What Happened

A developer running an NVIDIA DGX Spark GB10 posted to r/LocalLLaMA asking for working vLLM configurations for Google's Gemma 4 26B-A4B model. The Intel INT4 quantization of the 31B variant loaded successfully but delivered unacceptable inference speed. No confirmed working setup for the 26B variant was shared at time of writing.

Why It Matters

Gemma 4 26B-A4B is a Mixture-of-Experts model that activates only 4B parameters per token, making it theoretically efficient for local deployment. However, vLLM's MoE support and quantization compatibility are still maturing, and hardware like the DGX Spark GB10 (Grace Blackwell, 128GB unified memory) does not always map cleanly to community-tested configs.

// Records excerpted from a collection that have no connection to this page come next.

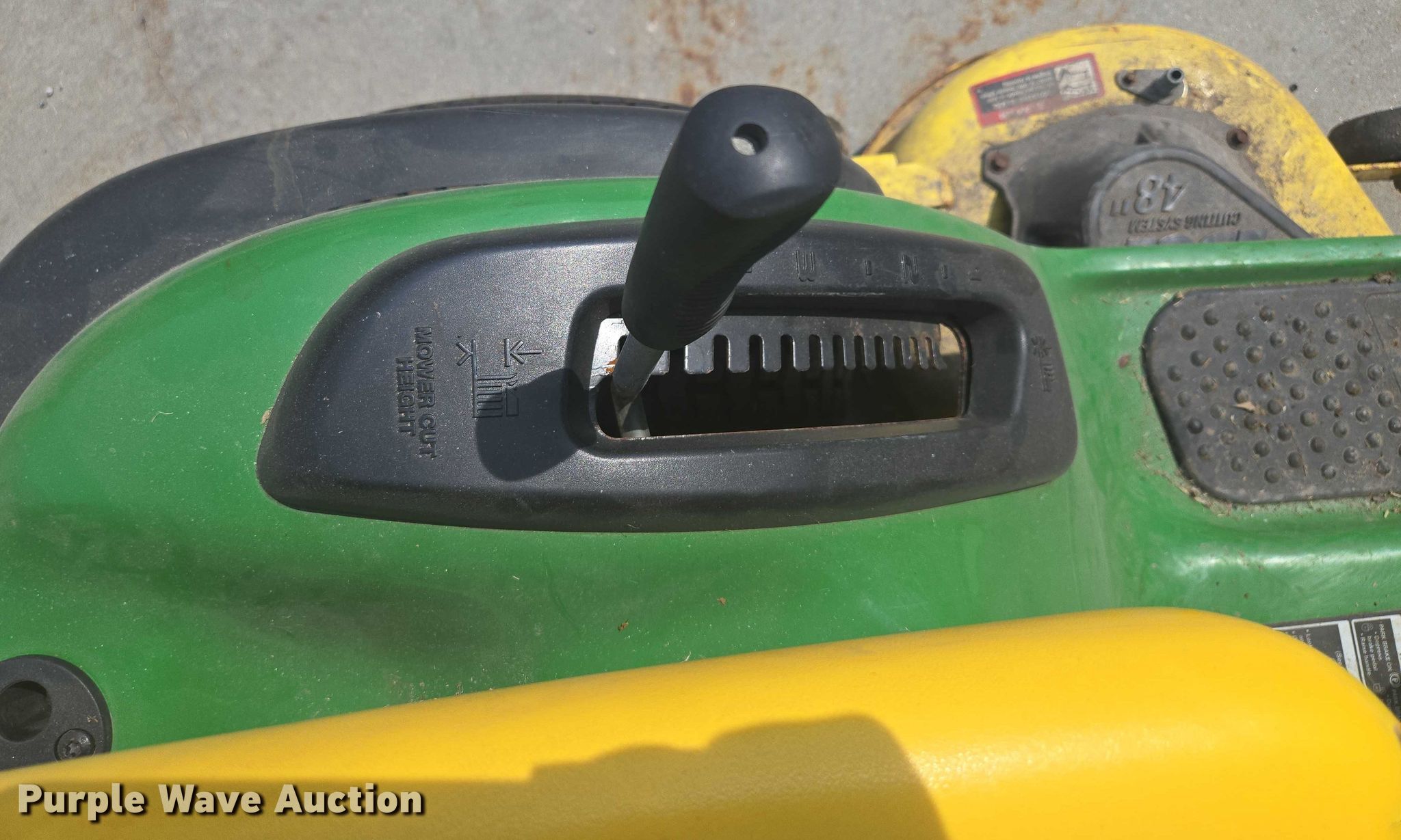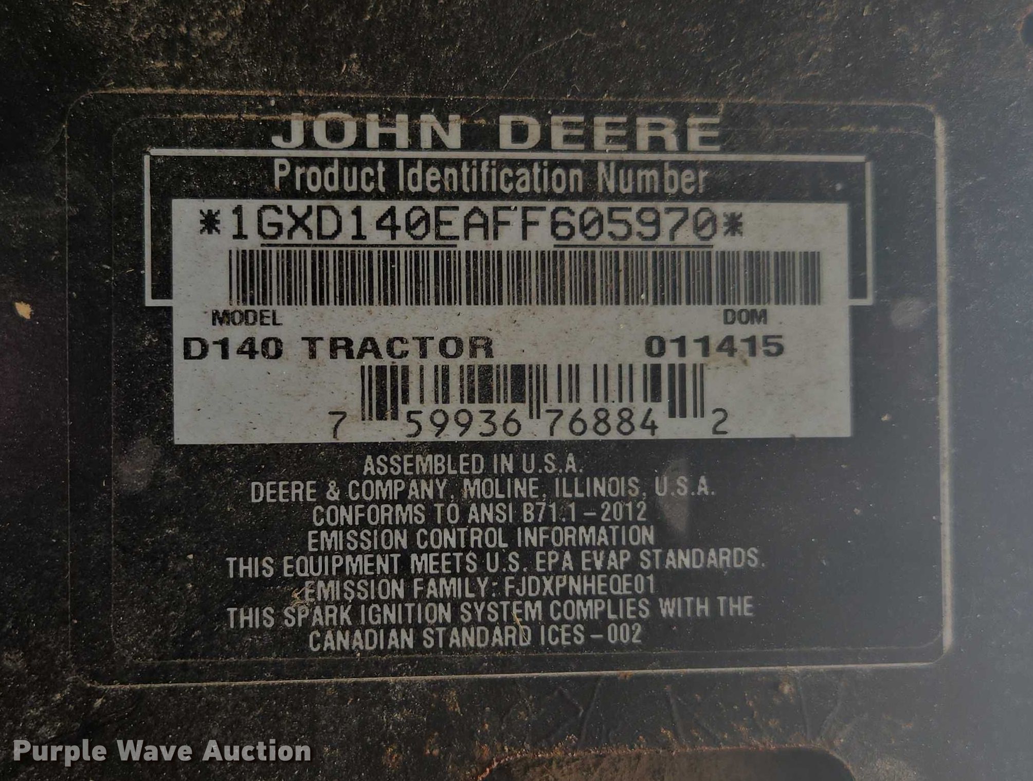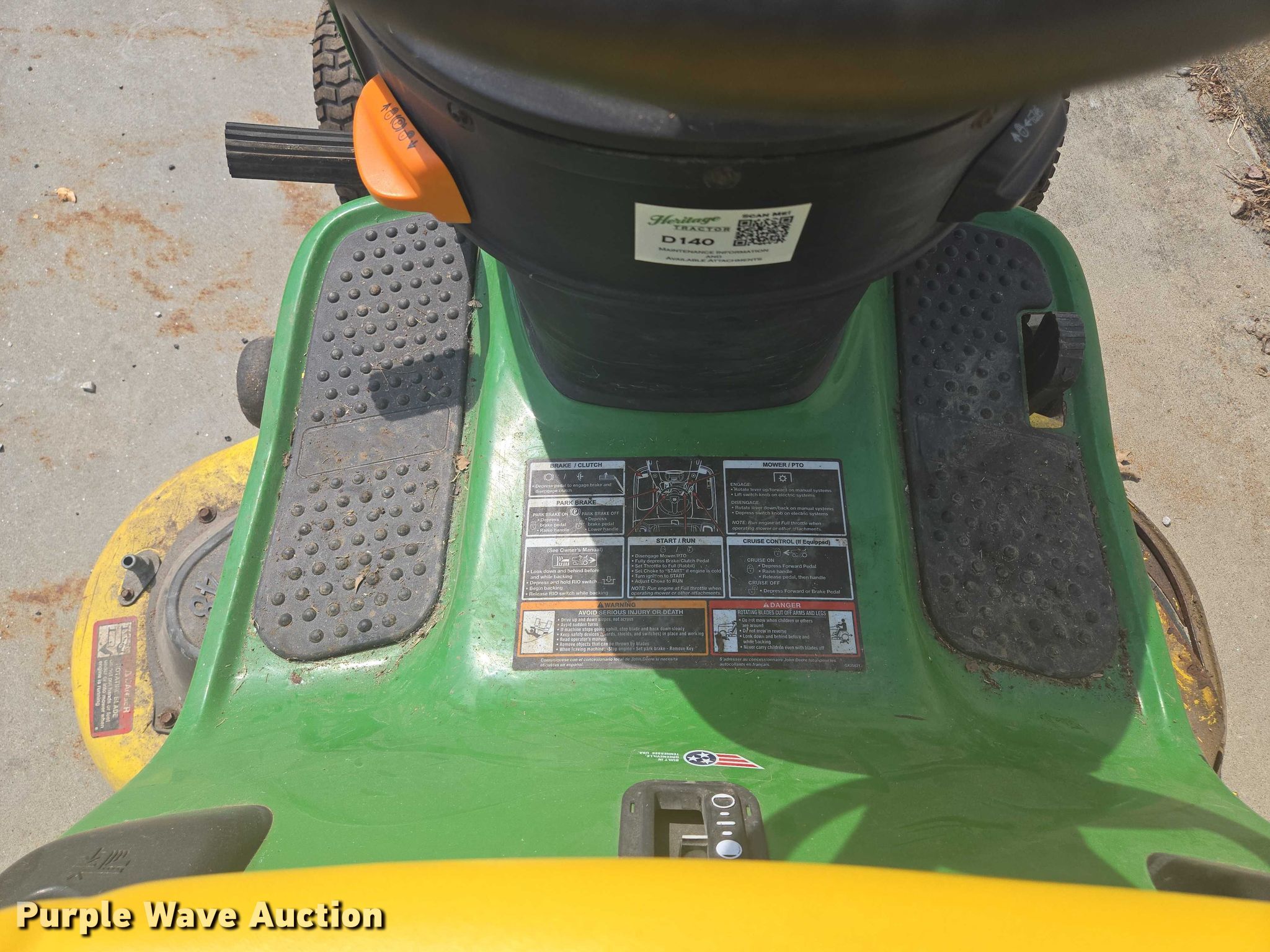Purple Wave is selling a used Lawn Mower in Kansas. This item is a 2015 John Deere D140 lawn mower with the following: Hours: 176 on meter, Cutting width: 48", Serial: 1GXD140EAFF605970
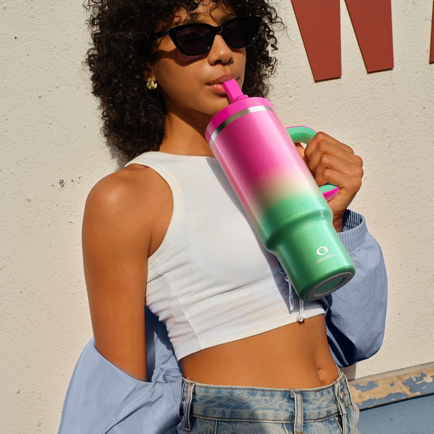 image40 oz Tumbler with Handle and Straw Stainless Steel Insulated Tumbler Keeps Cold for 24 Hours Leakproof Travel Cup Fits in Cup Holder and BPAFree Evening GlowFuchsia
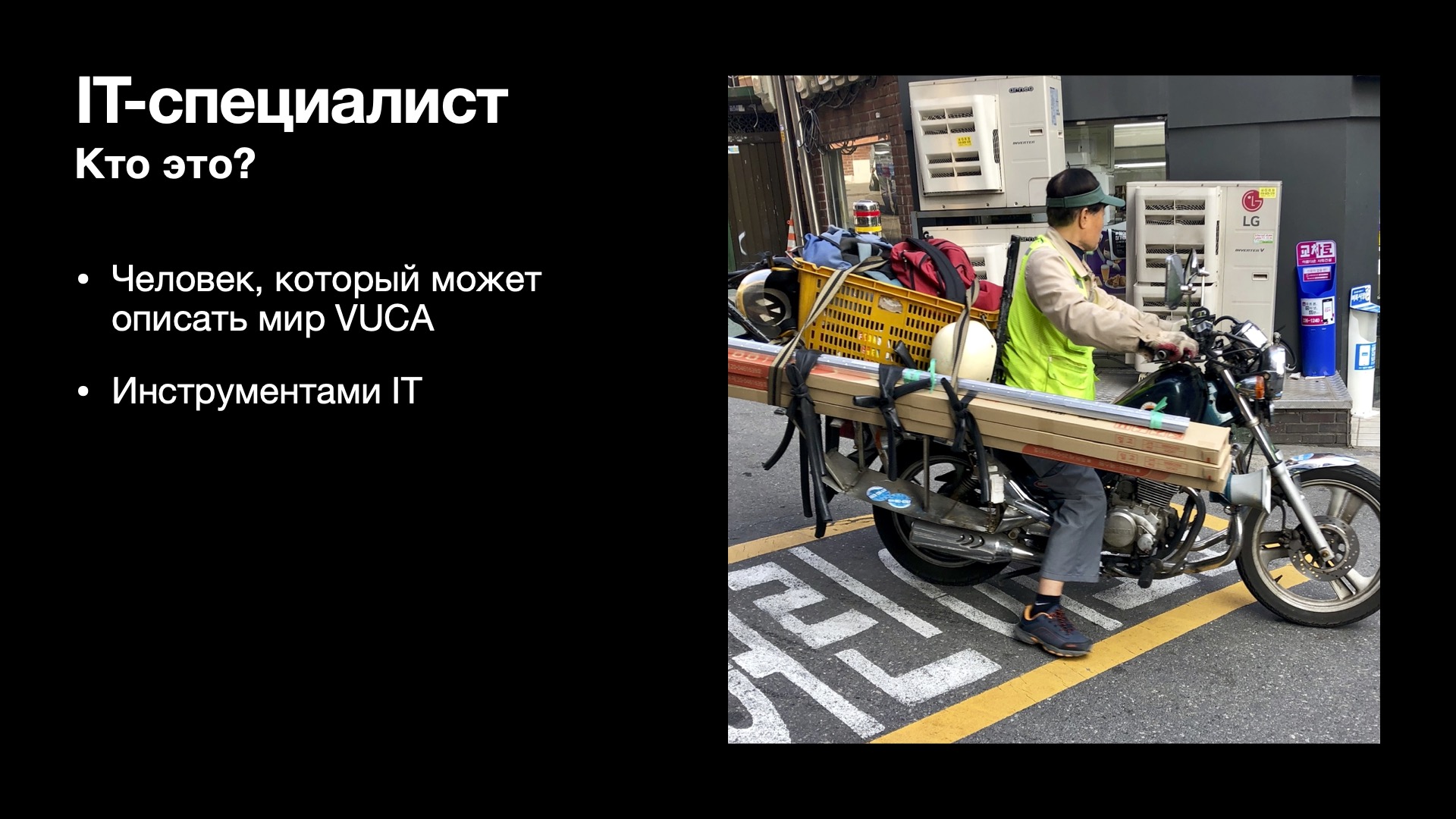 После первой краткой части пошла основная часть «Востребованный специалист в современном мире или о чем вам не расскажут работодатели». Я пошел прямо по пунктам, но в обратном порядке. Для описания современного мира я начал с прекрасной идеи Идриса Аберкана про экономику идей, которая уже замещает экономику денег, и это неизбежно будет происходить и дальше. Добавил это принципом VUCA. Затем мы поговорили про то, кто же такой IT-специалист в этом мире, зачем он нужен, и кратко прошли по востребованности, как ее померить и достичь.
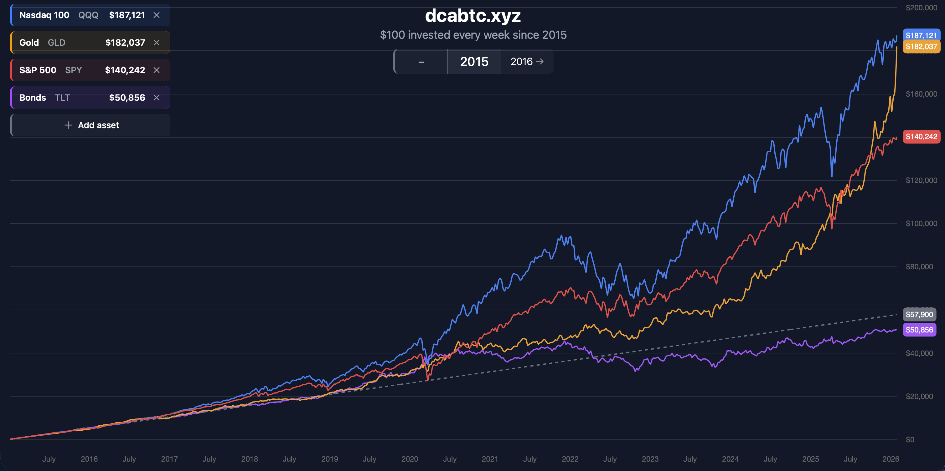 Hereâs a chart showing the last 10 years with equal monthly investments.
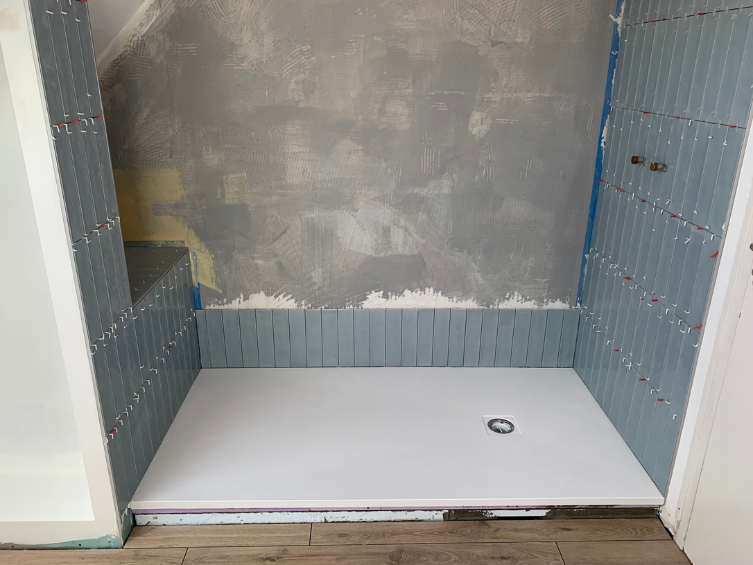 Une structure placo en bout de douche carrelée avec des carreaux imitation Zellige
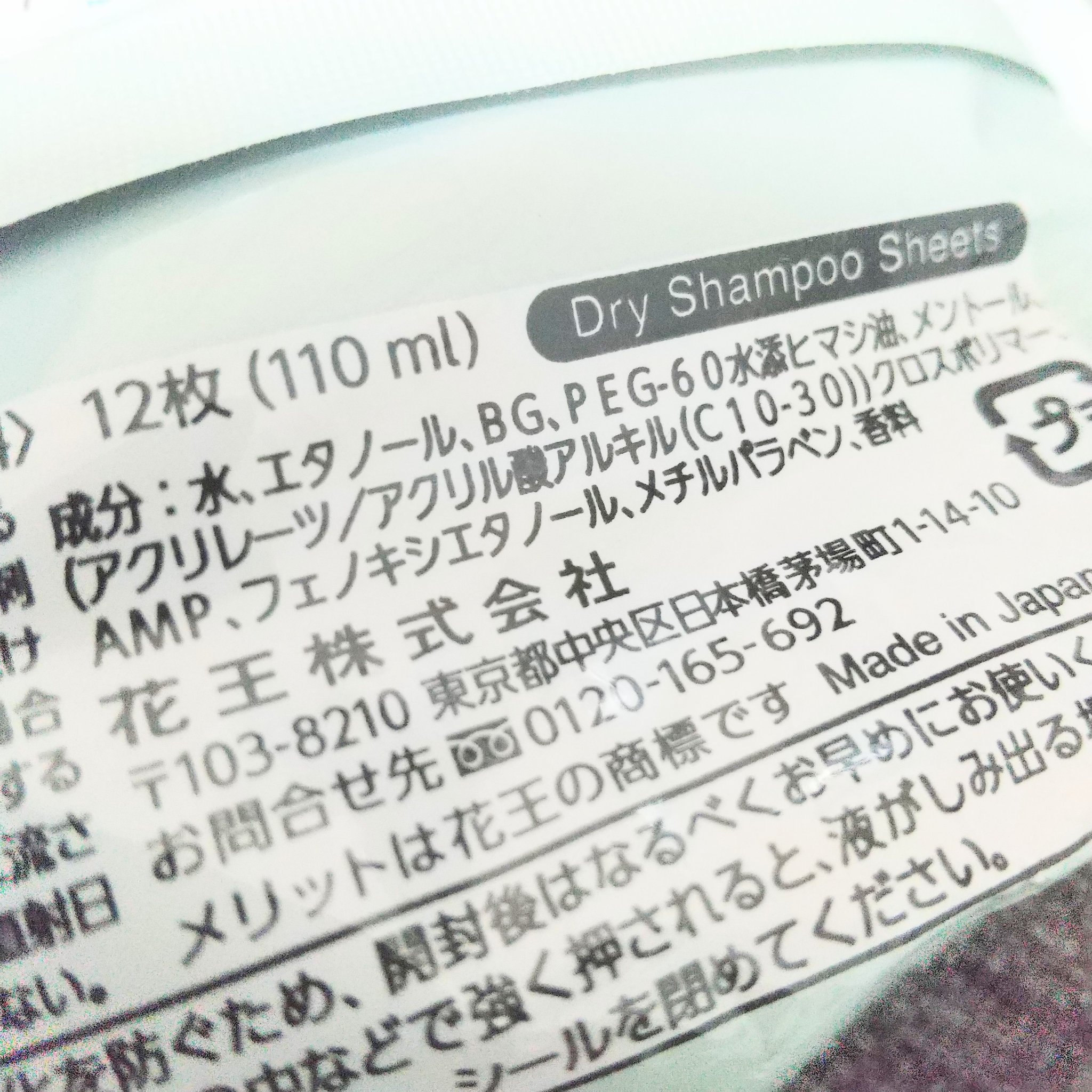 - 12枚入り(メリットDAY+ ドライシャンプーシート)
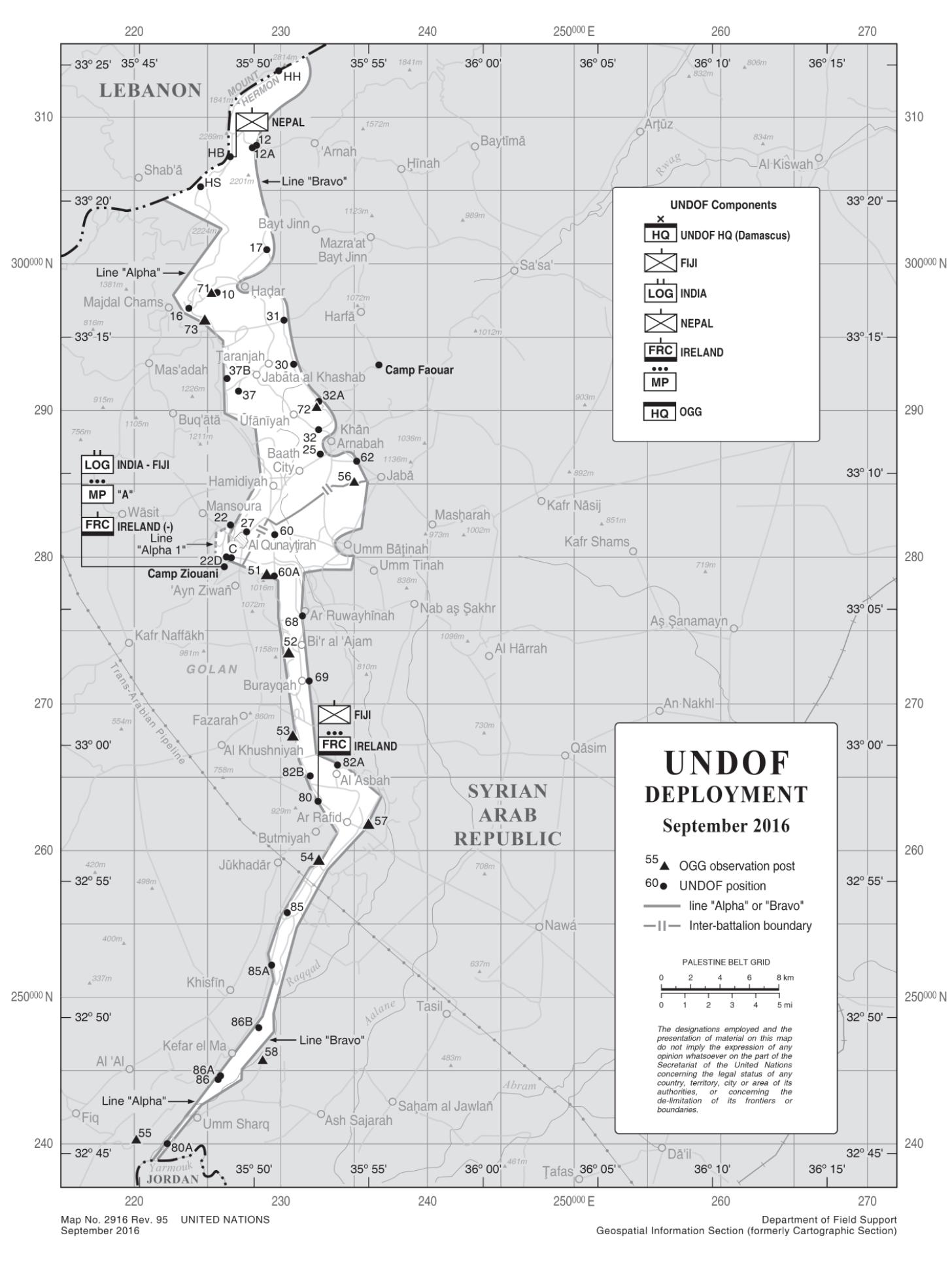 27. Al 12 de agosto de 2016, la FNUOS estaba compuesta por 865 soldados, entre ellos 21 mujeres. Actualmente, los efectivos desplegados proceden de Bhután (2), Chequia (3), Fiji (301), Finlandia (2), la India (219), Irlanda (136), Nepal (200) y los Países Bajos (2). Además, 67 observadores militares del ONUVT, incluidas 6 mujeres, ayudaron a la Fuerza en el desempeño de sus tareas.
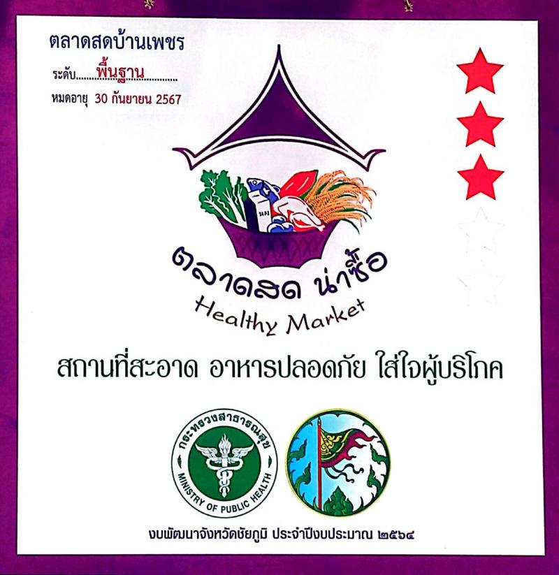 รายละเอียด : วันที่ 27 ตุลาคม 2566 ณ ศาลากลางจังหวัดชัยภูมิ พิธีมอบป้ายผลการประเมินรับรองตามเกณฑ์มาตรฐาน ระดับพื้นฐาน "ตลาดสดน่าซื้อ วิถีใหม่" จังหวัดชัยภูมิ ประจำปี 2566 โดย กระทรวงสาธารณสุข และจังหวัดชัยภูมิ ให้แก่เทศบาลตำบลบ้านเพชร ที่มีผลการจัดการ สถานที่สะอาด อาหารปลอดภัย ใส่ใจผู้บริโภค มีเป้าหมายเพื่อให้เกิด การปรับปรุงพัฒนายกระดับตลาดสดของไทย ให้เป็นไปตามเกณฑ์มาตรฐาน ที่ถูกต้องตามหลักการสุขาภิบาลและถูกสุขลักษณะ เพื่อให้ประชาชนมีแหล่งซื้อ วัตถุดิบและอาหารที่สะอาด ปลอดภัย ไม่ก่อโรค ซึ่งได้แบ่งเกณฑ์มาตรฐานเป็น 4 ด้าน ได้แก่ 1. ด้านสุขาภิบาลสิ่งแวดล้อม (Environmental Health) 41 ข้อ 2. ด้านสุขอนามัยส่วนบุคคล (Personal Hygiene) 5 ข้อ 3. ด้านความปลอดภัยอาหาร (Food Safety) 2 ข้อ 4. ด้านการคุ้มครองผู้บริโภค (Consumer Protection) 2 ข้อ

  • INT4 quants reduce VRAM pressure but can bottleneck on CPU-GPU memory bandwidth on unified architectures.
  • vLLM's --quantization flag behavior differs between AWQ, GPTQ, and Intel Neural Compressor formats.
  • The 26B-A4B checkpoint requires correct MoE routing support in vLLM 0.4.x or later.

Asia-Pacific Angle

Chinese and Southeast Asian developers frequently deploy open-weight models on cost-effective local hardware rather than cloud APIs, making quantization performance critical. Gemma 4's permissive license allows commercial use, which matters for indie SaaS products targeting regional markets. Developers using Alibaba Cloud or Tencent Cloud GPU instances (A10, A100) should note that AWQ quantization typically outperforms GPTQ on these SKUs for MoE models. The Qwen team's public benchmarks on MoE quantization are a useful reference point for tuning similar architectures.

Action Item This Week

Try loading Gemma 4 26B-A4B with vllm serve google/gemma-4-26b-a4b --quantization awq --max-model-len 8192 --tensor-parallel-size 1 and compare throughput against the INT4 variant. Report tokens/sec at batch size 1 to isolate the memory bandwidth bottleneck.